意外と知られていない「筋肉痛」の正体。原因と正しい予防・対処法

ウェルネス

激しい運動を行った数日後に現れる痛み「筋肉痛」。そんな筋肉痛は、私たちにとって身近であるにも関わらず、意外と知られていないことも多い。今回は、筋肉痛の原因やメカニズム、予防、対処法など詳しく解説していきたい。

筋肉痛とは

筋肉痛には、急性のものと遅発性のものがあり、一般的に多くの人がイメージしている「筋肉痛」は、後者の遅発性のものだ。

正確には、「遅発性筋肉痛(DOMS:Delayed Onset Muscle Soreness)」と呼ばれる。

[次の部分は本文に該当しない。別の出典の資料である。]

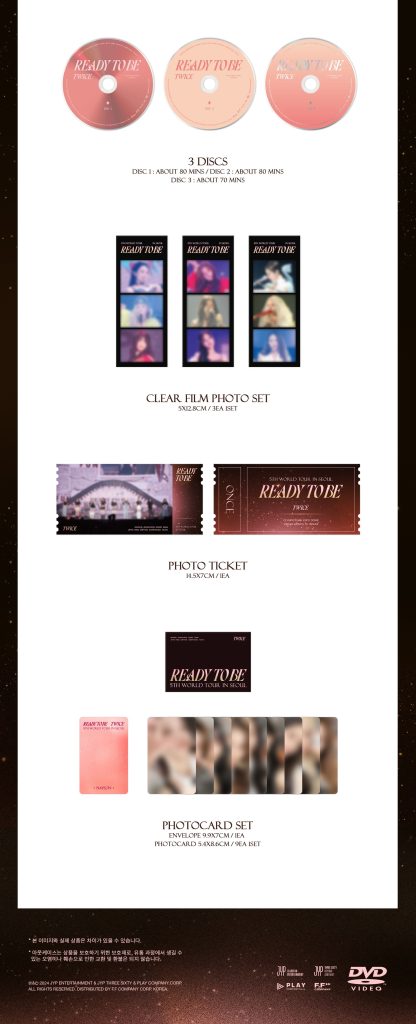 Oficjalny produkt TWICE 5TH WORLD TOUR READY TO BE IN SEOUL DVD. Produkt miał swoją premierę w Korei 31 lipca 2024r. Zawartość prezentowana na zdjęciach.

筋肉痛は、運動後1日~2日後に生じる痛みで、3~10日以内に消失する。主な症状には、痛み、筋肉の硬直、腫れ、関節可動域の減少などがある。

筋肉痛が出やすい運動

慣れていない運動

筋肉痛は、不慣れな動作を行ったときに生じることが多い。筋トレやランニングなどで日々鍛えている人でも、普段やらないフットサルやバスケットボールなどのスポーツを行うと、筋肉痛が強く出たりする。

これは、筋力が弱いのではなく、不慣れな動作を行ったことで、普段使わない筋肉が刺激され、起こるものとされている。

伸張性収縮(エキセントリック収縮)

運動には、筋肉痛が出やすい動作というものがある。筋肉が力を発揮するための「収縮」には2タイプあり、力を発揮しながら伸ばす「伸張性収縮(エキセントリック収縮)」と、収縮しながら力を発揮する「短縮性収縮(コンセントリック収縮)」がある。

例えば、ダンベルを持ち、曲げたヒジをゆっくり伸ばすときの上腕二頭筋は前者であり、腕を曲げるときの上腕二頭筋は後者だ。筋肉痛は、エキセントリックの収縮様式を用いた運動後に生じやすいといわれている。

筋肉痛のメカニズム

実際のところ、筋肉痛の詳しいメカニズムについては未だ解明されておらず、諸説様々な形で述べられている。現時点では、不慣れな運動や遠心性収縮を伴う運動によって起こる3つの反応によるものだと考えられている。

  1. 筋繊維とその周りの結合組織の損傷
  2. 筋肉の回復過程において筋損傷後の炎症が原因で内因性発痛物質が放出し、痛覚受容器を興奮させることで起こる。
  3. 炎症反応に伴う血管の拡張によって血管壁が引き伸ばされることによって起こる。
  4. 筋温上昇による熱刺激

また最新の研究では、神経の圧迫によって引き起こされるものではないかとも言われている。

筋肉痛が出なくても筋力は向上する。

「痛み」というのは、わかりやすい指標ではあるため、「筋肉痛=トレーニングの効果がある」と考えてしまう人も多いだろう。

確かに、筋肉痛が出るということは、しっかりと筋肉を使えている証拠にはなるが、トレーニングの効果を直接的に表すものではない。

前にも紹介したように、筋肉痛は、不慣れな運動やエキセントリック収縮を伴う運動を行った時に生じやすい。慣れている負荷での運動や筋肉痛が生じにくい運動を行えば、筋肉痛が生じないこともあるのだ。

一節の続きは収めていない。